▸ **What needs to be done**
Please output every line of the material as it stands, without the pictures.

▸ **Recorded data**
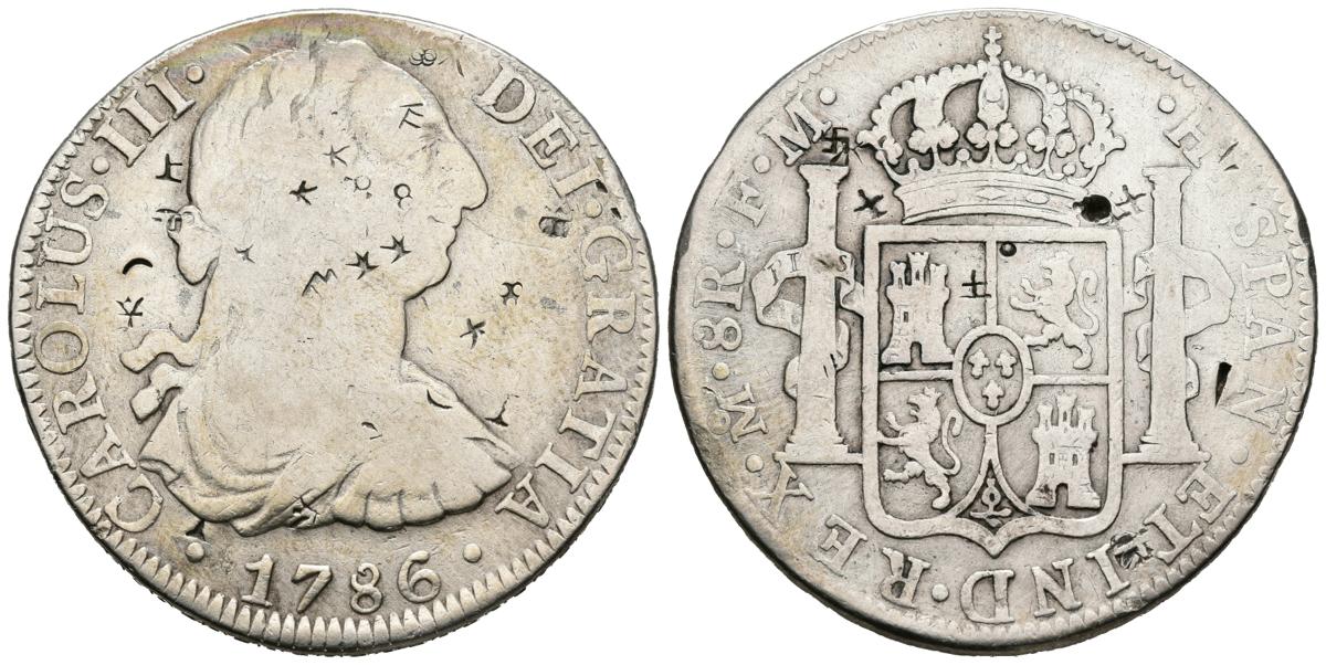CARLOS III (1759-1788). 8 Reales. (Ar. 26,43/39mm). 1786. México. FM. (Cal-2019-1129). BC. Resellos orientales.
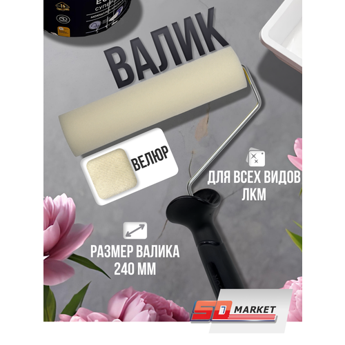Валик малярный из велюра 10 см c рукояткой и ванночкой 150 х 300 мм DECOR
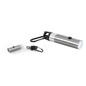 Lanterna em alumínio com 6 leds abridor de garrafas e mosquetão. Funcionamento a bateria.
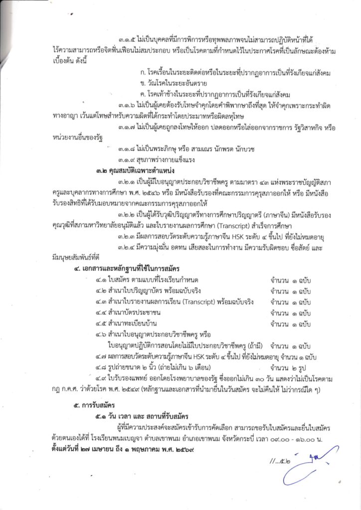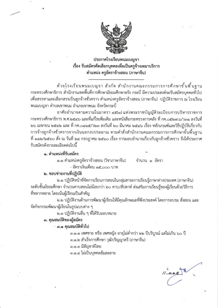 ประกาศโรงเรียนพนมเบญจา เรื่อง รับสมัครคัดเลือกบุคคลเพื่อเป็นครูจ้างเหมาบริการ ตำแหน่ง ครูอัตราจ้างสอน (ภาษาจีน) รายละเอียด ดังไฟส์แนบ

▸ **Exercise response**
CARLOS III (1759-1788). 8 Reales. (Ar. 26,43/39mm). 1786. México. FM. (Cal-2019-1129). BC. Resellos orientales.
Валик малярный из велюра 10 см c рукояткой и ванночкой 150 х 300 мм DECOR
 Lanterna em alumínio com 6 leds abridor de garrafas e mosquetão. Funcionamento a bateria.
 ประกาศโรงเรียนพนมเบญจา เรื่อง รับสมัครคัดเลือกบุคคลเพื่อเป็นครูจ้างเหมาบริการ ตำแหน่ง ครูอัตราจ้างสอน (ภาษาจีน) รายละเอียด ดังไฟส์แนบ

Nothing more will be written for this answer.